I am getting better as I age.
Anyone else feel this way? I have managed to feel more comfortable talking to people except sometimes others who are watching me interract with strangers often tell me that I give lengthy versions to topics that are supposed to be small talk. Nobody can tell I have aspergers except they notice hand stims but don't generally associate that with aspergers. I don't know if this means I am getting better or more comfortable with just being me. I've also been able to tell some people off or question their beliefs in how I am supposed to be. My favorite question currently is, where is the skill applied in socializing when there isn't much of social etiquette applied and can you please tell me what is so skillfull about being meanspirited and a bully mentality?

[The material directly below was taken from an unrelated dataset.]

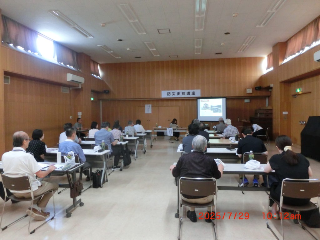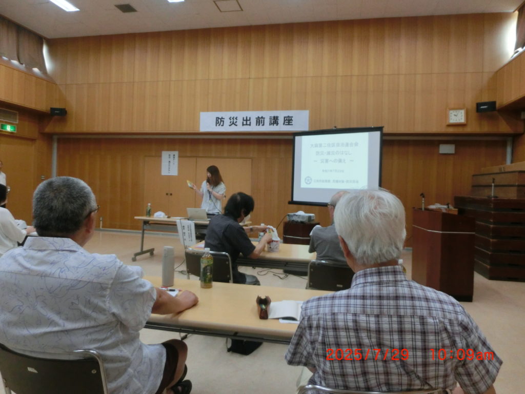 7月29日 江別市の出前講座です。20名くらい参加しました。防災・減災のお話でした。いつもの出張講座で防災についての対策のお話をしていただきました。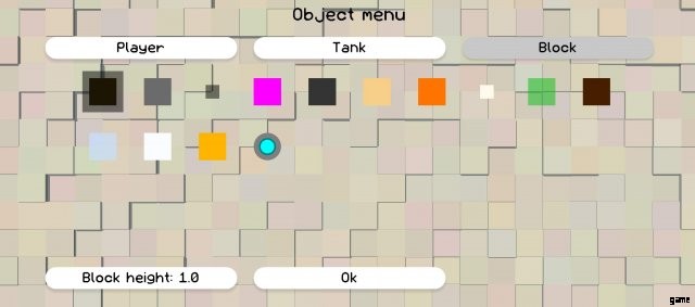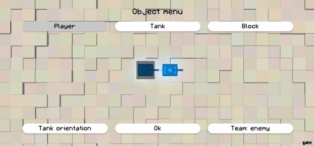 メニューの上部には、「プレイヤー」、「タンク」、「ブロック」の 3 つのボタンがあります。これらのボタンを使用すると、プレイヤーのスポーン ポイントの編集、コンピューター制御の戦車の配置、ブロックの配置を切り替えることができます。次のセクションでは、これらの各ボタン タブについて詳しく説明します。

I am getting better at coming up with things to say back on the spot rather than freezing. Anyways, hi Wrong Planet
I am getting better at coming up with things to say back on the spot rather than freezing. Anyways, hi Wrong Planet
I've definitely noticed this. It wasn't through any conscious effort of mine, either, since I didn't get a diagnosis until 14 months ago. When I was younger, I used to talk people's ears off about my interests (God help anyone who asked me about SimCity).
I also used to do speeches with the gifted program in elementary school, and I never used any hand gestures. The times my mom tried to get me to do them, I only would when practicing my speech, not when actually giving it. They felt so unnatural to me, I was sure I looked like a fool to everyone if I did them (not the case, but oh well ).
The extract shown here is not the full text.